● **Task requirements**
The lines in the listing below are to be given again exactly, starting at the line holding "高三生物--湖南省郴州市2023届高三第三次质量检测" and ending at the line holding "12月21日上午,宝鸡市陈仓". Do not include pictures.

● **Records provided**
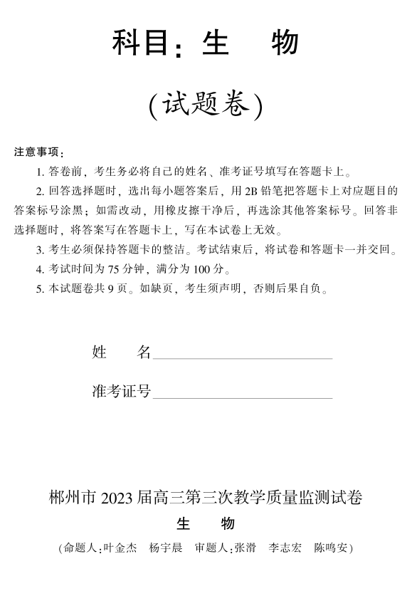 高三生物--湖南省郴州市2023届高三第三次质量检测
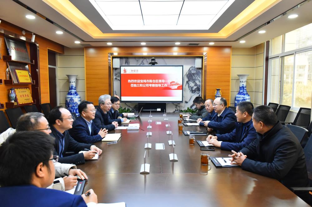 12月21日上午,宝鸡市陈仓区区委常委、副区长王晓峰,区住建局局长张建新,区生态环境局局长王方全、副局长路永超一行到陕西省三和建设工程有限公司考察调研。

...

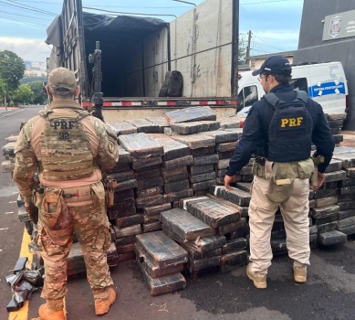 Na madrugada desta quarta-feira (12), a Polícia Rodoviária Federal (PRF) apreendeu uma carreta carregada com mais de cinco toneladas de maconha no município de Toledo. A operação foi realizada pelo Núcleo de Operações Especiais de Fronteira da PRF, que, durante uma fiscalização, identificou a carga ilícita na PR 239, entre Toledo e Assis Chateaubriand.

--

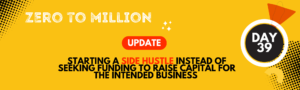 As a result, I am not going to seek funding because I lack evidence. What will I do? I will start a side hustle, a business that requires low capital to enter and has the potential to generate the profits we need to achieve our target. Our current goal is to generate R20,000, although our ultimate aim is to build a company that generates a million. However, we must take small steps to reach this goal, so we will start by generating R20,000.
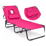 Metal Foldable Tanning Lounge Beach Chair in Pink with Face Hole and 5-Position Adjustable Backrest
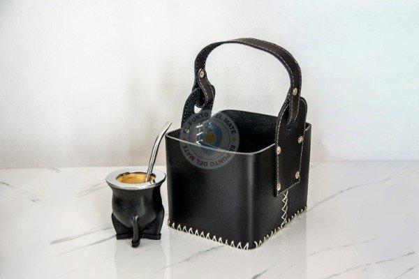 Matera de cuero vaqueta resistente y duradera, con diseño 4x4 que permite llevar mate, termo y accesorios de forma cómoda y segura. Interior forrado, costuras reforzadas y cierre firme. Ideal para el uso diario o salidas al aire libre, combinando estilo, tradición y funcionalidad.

● **The answer**
 高三生物--湖南省郴州市2023届高三第三次质量检测
 12月21日上午,宝鸡市陈仓区区委常委、副区长王晓峰,区住建局局长张建新,区生态环境局局长王方全、副局长路永超一行到陕西省三和建设工程有限公司考察调研。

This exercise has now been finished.